■ **AVAILABLE DATA**
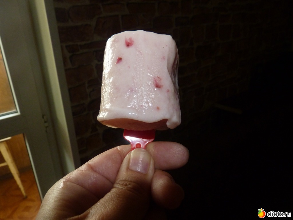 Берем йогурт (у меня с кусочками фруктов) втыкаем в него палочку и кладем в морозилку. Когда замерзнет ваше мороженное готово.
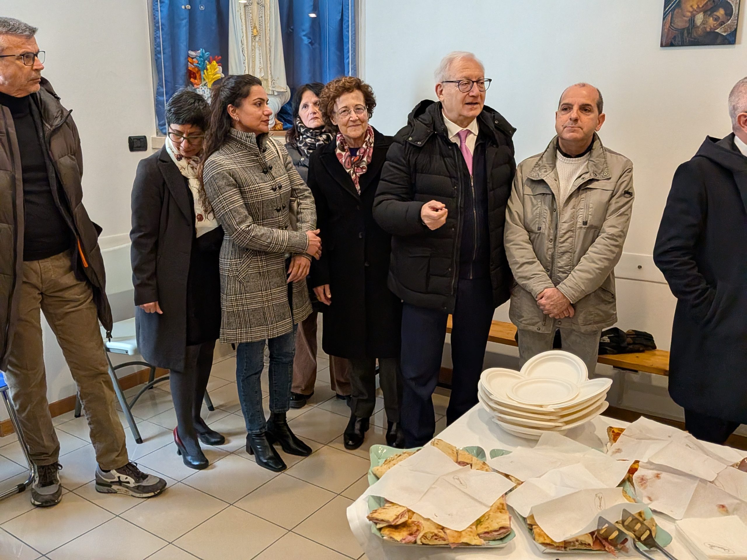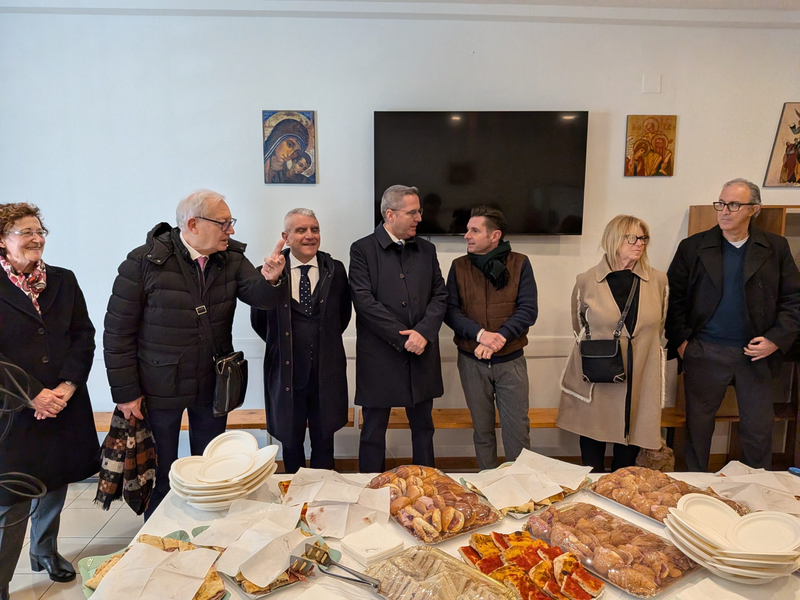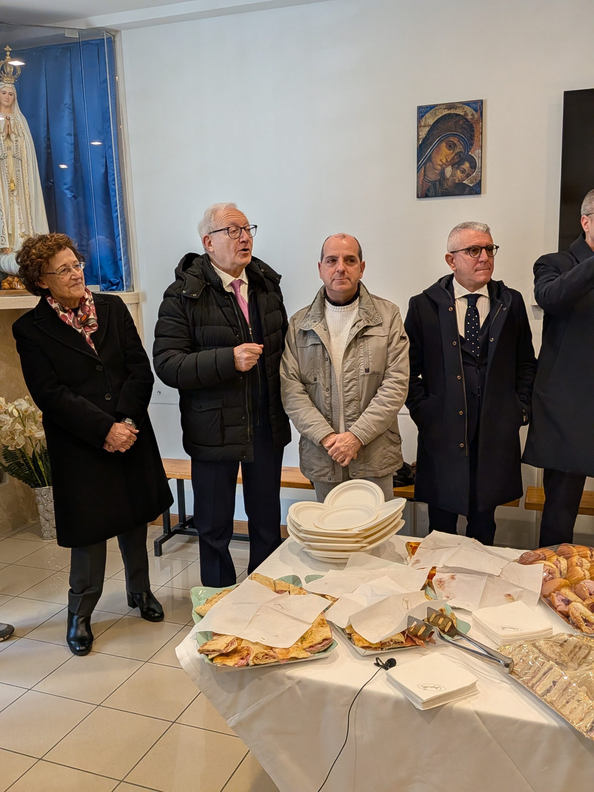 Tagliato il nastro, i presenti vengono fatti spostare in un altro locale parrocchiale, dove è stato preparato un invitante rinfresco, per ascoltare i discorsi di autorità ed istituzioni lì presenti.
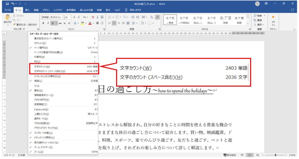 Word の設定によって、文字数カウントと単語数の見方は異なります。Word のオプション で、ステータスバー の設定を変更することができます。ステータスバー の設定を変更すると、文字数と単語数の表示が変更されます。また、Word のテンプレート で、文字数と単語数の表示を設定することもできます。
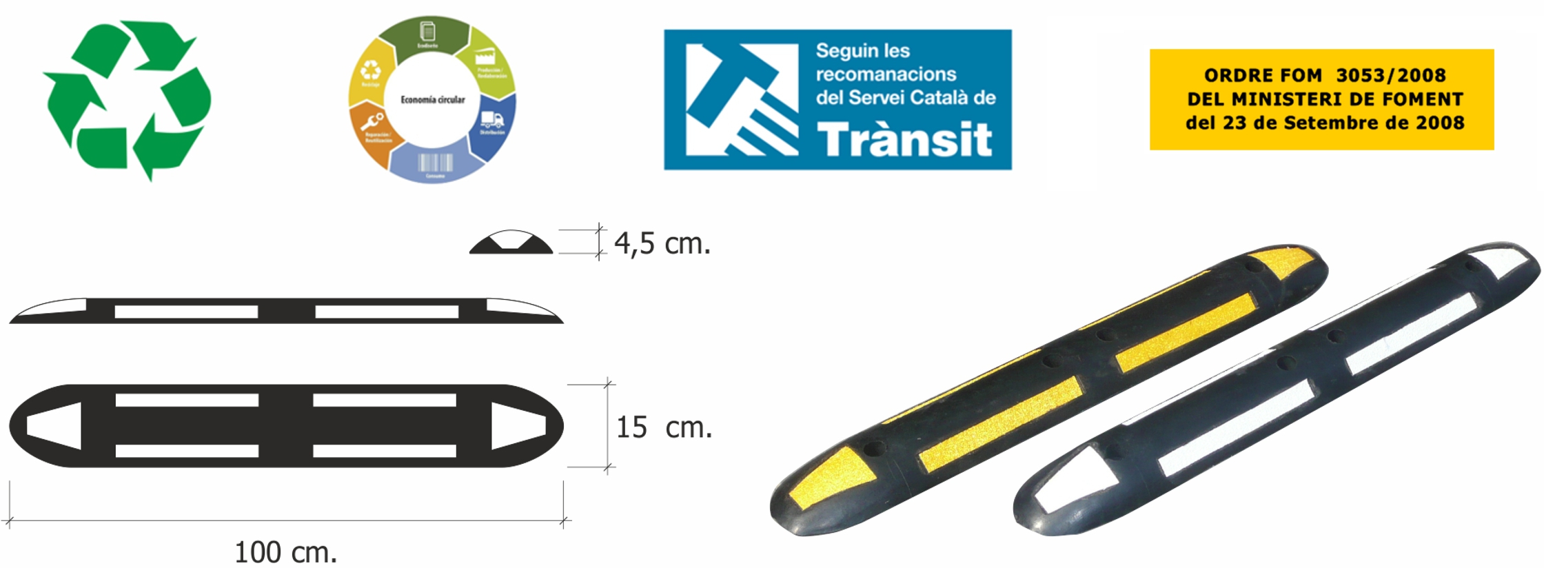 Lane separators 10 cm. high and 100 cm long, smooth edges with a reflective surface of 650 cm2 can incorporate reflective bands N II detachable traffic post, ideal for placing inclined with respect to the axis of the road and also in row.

■ **EXERCISE BRIEF**
Only the pictures stay out; everything else in the listing above must be repeated exactly.

■ **EXERCISE RESULT**
 Берем йогурт (у меня с кусочками фруктов) втыкаем в него палочку и кладем в морозилку. Когда замерзнет ваше мороженное готово.
 Tagliato il nastro, i presenti vengono fatti spostare in un altro locale parrocchiale, dove è stato preparato un invitante rinfresco, per ascoltare i discorsi di autorità ed istituzioni lì presenti.
 Word の設定によって、文字数カウントと単語数の見方は異なります。Word のオプション で、ステータスバー の設定を変更することができます。ステータスバー の設定を変更すると、文字数と単語数の表示が変更されます。また、Word のテンプレート で、文字数と単語数の表示を設定することもできます。
 Lane separators 10 cm. high and 100 cm long, smooth edges with a reflective surface of 650 cm2 can incorporate reflective bands N II detachable traffic post, ideal for placing inclined with respect to the axis of the road and also in row.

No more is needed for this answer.